As the class comes to a close, Cosgrove discusses how each student’s talents might best be used in the film and entertainment world. To the woman with the dating skit, he says, “supermodel” and “the lead in a sitcom.” To a large man with glasses: the second or third banana in a sitcom. “The guy who kinda gets dumped on,” Cosgrove explains, and the man nods in agreement. To a talented fellow whose rubber face would put Jim Carrey to shame, Cosgrove says, “the courage to make a fool of yourself is a real advantage in this business” and tells him to think about game shows. To a white-haired woman with an authoritative (read: stiff) style, Cosgrove has one word: “industrials”—the kind of films manufacturing firms use to instruct their employees in worker safety. See you in the movies.
When the Guthrie Theater reopens, two more initiatives will be launched. The Art of Business Institute will teach theater skills, including voice projection and persuasive speaking, to corporate and professional folks looking to become more effective in their presentations and more creative in their work. The Lifelong Learning Institute will offer seminars on the background and context of plays the Guthrie is currently producing.

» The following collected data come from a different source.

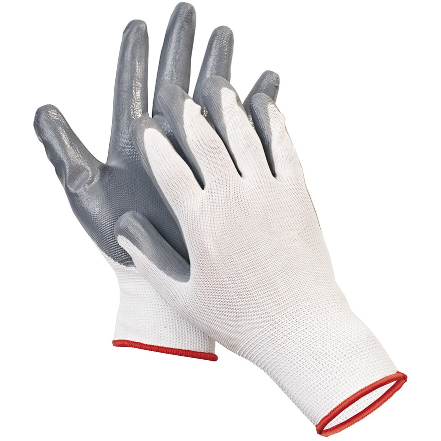 bezszwowe rękawice montażowe, zgodne z normą EN420 wyściółka poliestrowa powlekane warstwą nitrylu w części chwytnej dłoni elastyczny ściągacz w nadgarstku do lekkich prac montażowych w środowisku suchym i lekko zaolejonym odporność mechaniczna zgodnie z normą EN388: 3131 wyściółka biała, powleczenie szare kategoria: II rozmiar: 10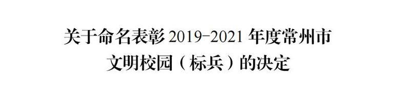近日,常州市精神文明指导委员会发布了《关于命名表彰2019—2021年度常州市文明校园(标兵)的通知》(常文明委〔2022〕12号),常州机电职业技术学院获评“2019-2021年度常州市文明校园标兵”。据悉,经过自查公示、自愿申报、推荐审核、综合考评、征求意见、媒体公示等程序,本次全市共有43所学校(其中,5所在常高校)获此称号。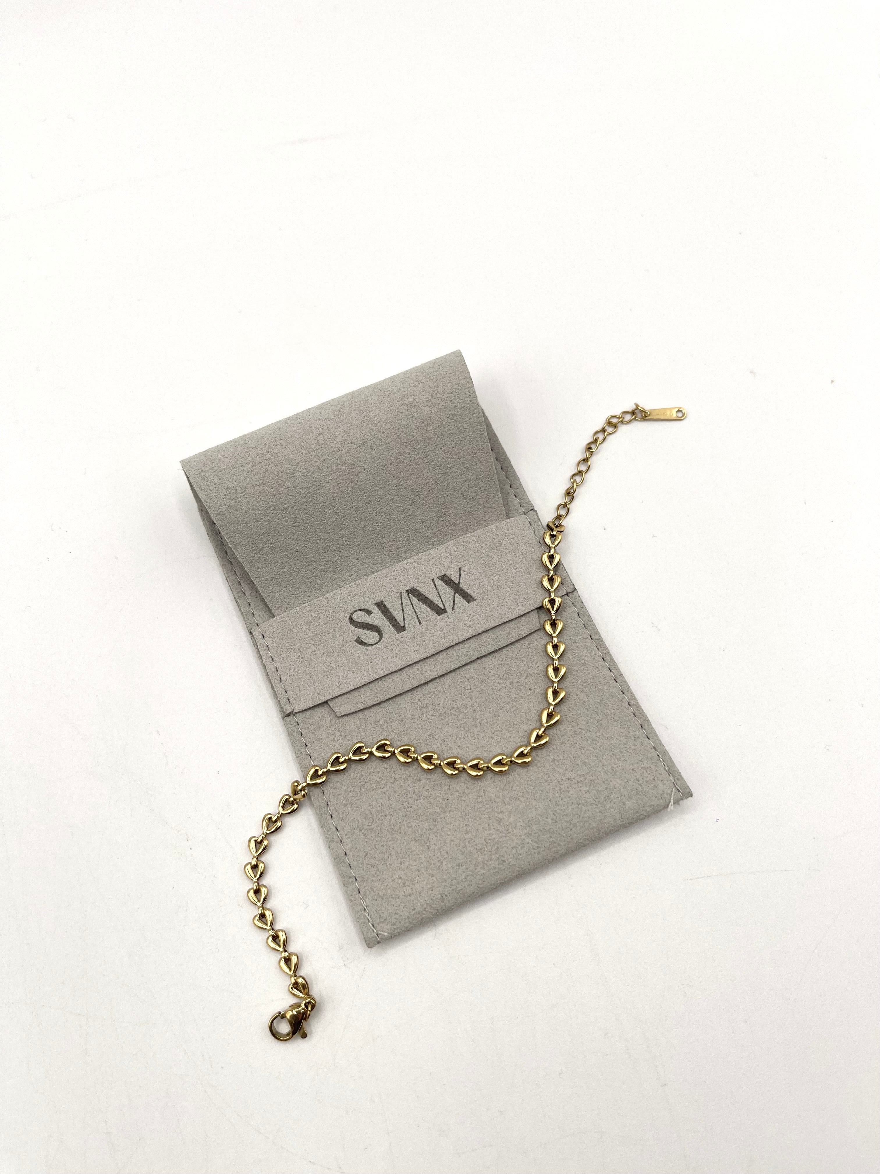 Heart Link Bracelet in Gold. A timeless piece with a delicate heart link design, blending subtle charm with refined elegance. Perfect for daily wear or special occasions, this bracelet adds a sophisticated touch to any outfit.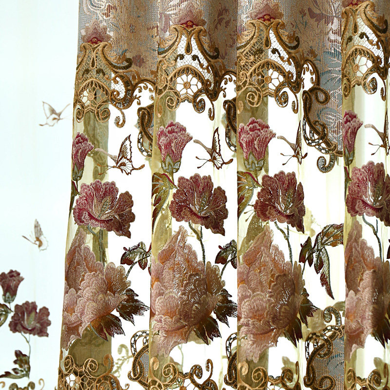 恋织家蝶依飞舞大气刺绣花镂空欧式田园窗帘15667

The tours, meanwhile, will be suspended for at least one more year. The tours stopped once before, in the mid-1980s, and when Guthrie artistic director Joe Dowling restarted the program in 2000 with a massive, three-semi-truck tour of A Midsummer Night’s Dream, the pent-up demand was palpable. Only a personal appearance by Shakespeare himself might have inspired a stronger audience response.
In South Dakota, a group of waitresses from Chamberlain (population 2,347) drove 125 miles to Sioux Falls to see the show. They then drove 180 miles to see it again in Rapid City. When the cast stopped to eat at a roadside diner, truckers inquired about the show and, sure enough, several of them later caught a performance in Grand Forks, North Dakota.
The production attracted so much attention, in fact, that New York Times drama critic Bruce Weber came out to see it in Austin. In a moment straight from the movie Waiting for Guffman, the power went out in the auditorium on the day Weber showed up. Nevertheless, his review was ecstatic. “It would be hard to imagine better theater,” he wrote.
The Guthrie’s first season in its new facility will commence in July with F. Scott Fitzgerald’s The Great Gatsby, a theatrical adaptation of the novel. Beginning this era beside the state’s most iconic waterway with the masterwork of a native son, the Guthrie is pointedly planting its regional roots once again. But the Mississippi is also the storied passageway of dreamers and fortune-seekers. And you, too, can now head to the river and take a class at the Guthrie—or wait for one to come to you—and live a more dramatic life.
Tim Gihring is senior writer for Minnesota Monthly.